_THE TASK_
Give the lines again exactly as they appear, from the first line of the listing through the line containing "X I want a Toyota", and omit every picture.

_DATASET SECTION_
**********
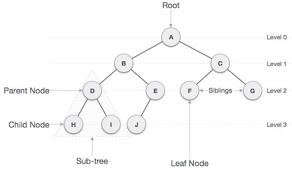 정점(node)와 선분(branch)로 이루어져있으며, 사이클을 이루지 않는다.
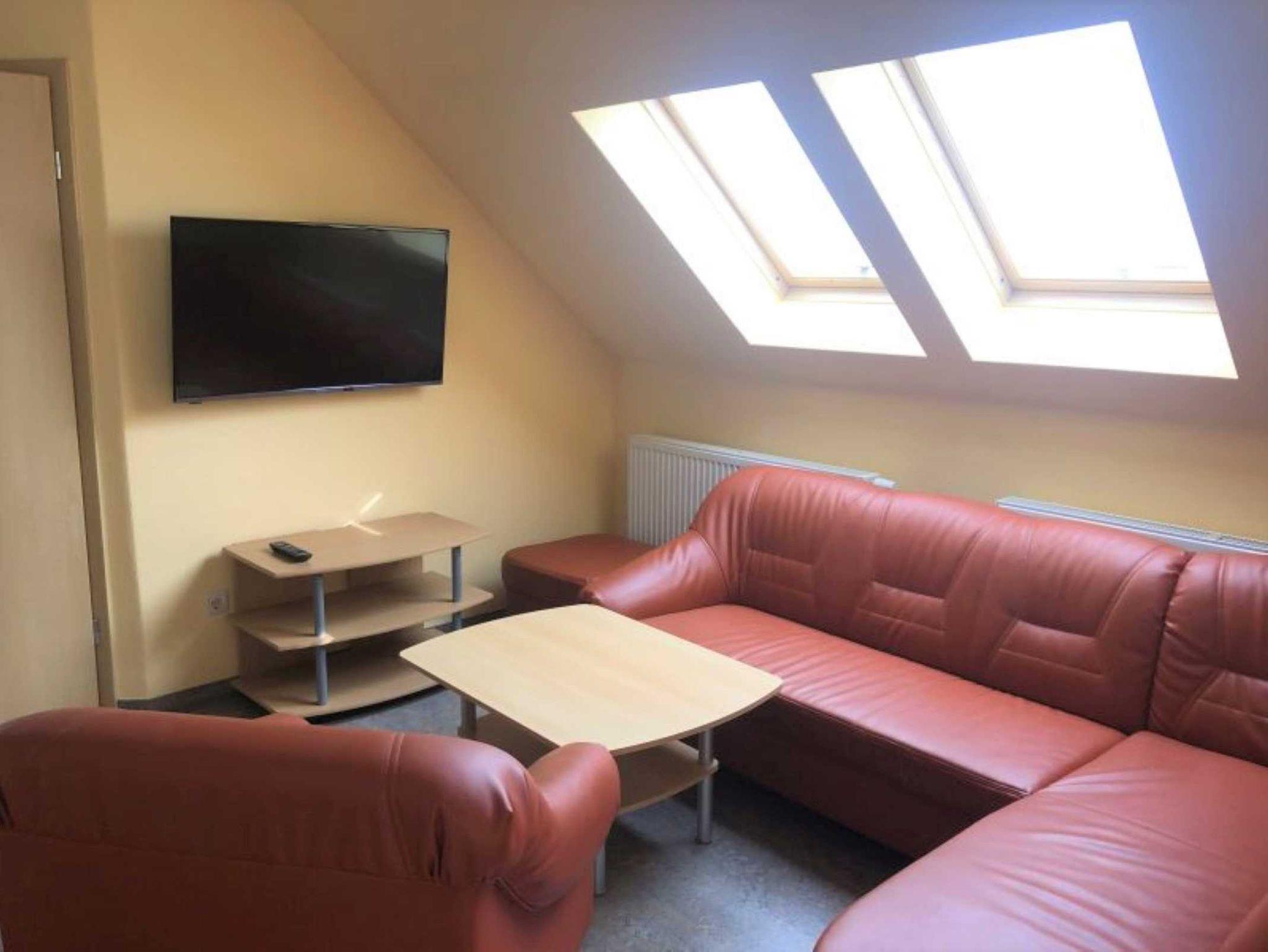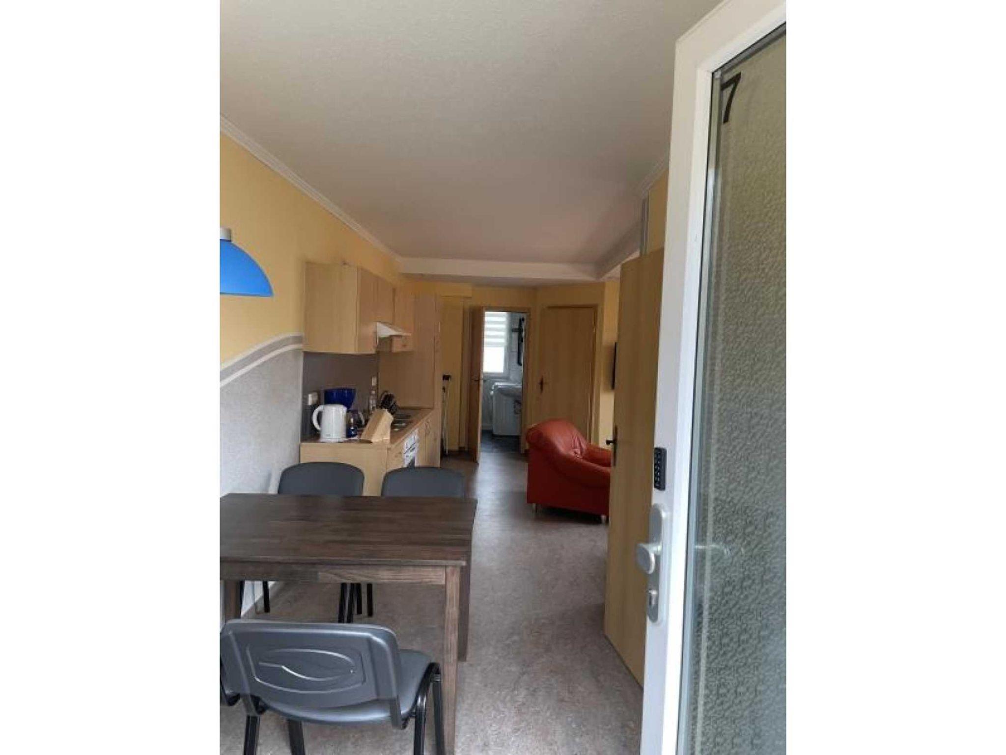 Die Ferienwohnung befindet sich im 1. OG und ist über eine Außentreppe zu erreichen. Sie verfügt über zwei Schlafzimmer (1x Doppelbett, 1x 2 Einzelbetten und zus. TV), einer voll ausgestatteten Küche mit Backofen, Kühlschrank mit Gefrierfach, Wasserkocher, Toaster und Kaffeemaschine. Der Wohn- und Essbereich verfügt über einen Flat-TV und einen Kamin für gemütliche Stunden. Das Badezimmer ist mit Dusche/WC, Waschmaschine und Fön ausgestattet. Die Fußböden sind teilweise mit Teppich im Wohn- und Schlafbereich, mit Linoleum im Küchen- und Essbereich und mit Fliesen im Bad ausgelegt. Die Wohnung hat eine separate Sitzmöglichkeit im Außenbereich. Ein PKW-Stellplatz und WLAN stehen Ihnen kostenfrei zur Verfügung.
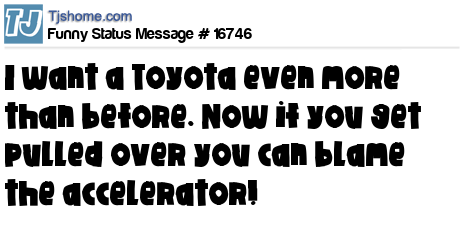 X I want a Toyota even more than before. Now if you get pulled over you can blame the accelerator!
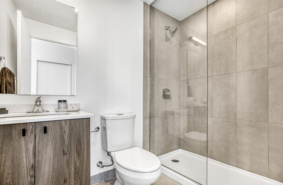 Aalto suites Il embraces the principles of Accessible Design. Select units feature barrier-free elements such as adjustable counter heights, roll under cabinets, colour contrasts for vision impairment, fold-down benches, and roll-in showers.
**********
_SOLUTION FOR THIS PROBLEM_
 정점(node)와 선분(branch)로 이루어져있으며, 사이클을 이루지 않는다.
 Die Ferienwohnung befindet sich im 1. OG und ist über eine Außentreppe zu erreichen. Sie verfügt über zwei Schlafzimmer (1x Doppelbett, 1x 2 Einzelbetten und zus. TV), einer voll ausgestatteten Küche mit Backofen, Kühlschrank mit Gefrierfach, Wasserkocher, Toaster und Kaffeemaschine. Der Wohn- und Essbereich verfügt über einen Flat-TV und einen Kamin für gemütliche Stunden. Das Badezimmer ist mit Dusche/WC, Waschmaschine und Fön ausgestattet. Die Fußböden sind teilweise mit Teppich im Wohn- und Schlafbereich, mit Linoleum im Küchen- und Essbereich und mit Fliesen im Bad ausgelegt. Die Wohnung hat eine separate Sitzmöglichkeit im Außenbereich. Ein PKW-Stellplatz und WLAN stehen Ihnen kostenfrei zur Verfügung.
 X I want a Toyota even more than before. Now if you get pulled over you can blame the accelerator!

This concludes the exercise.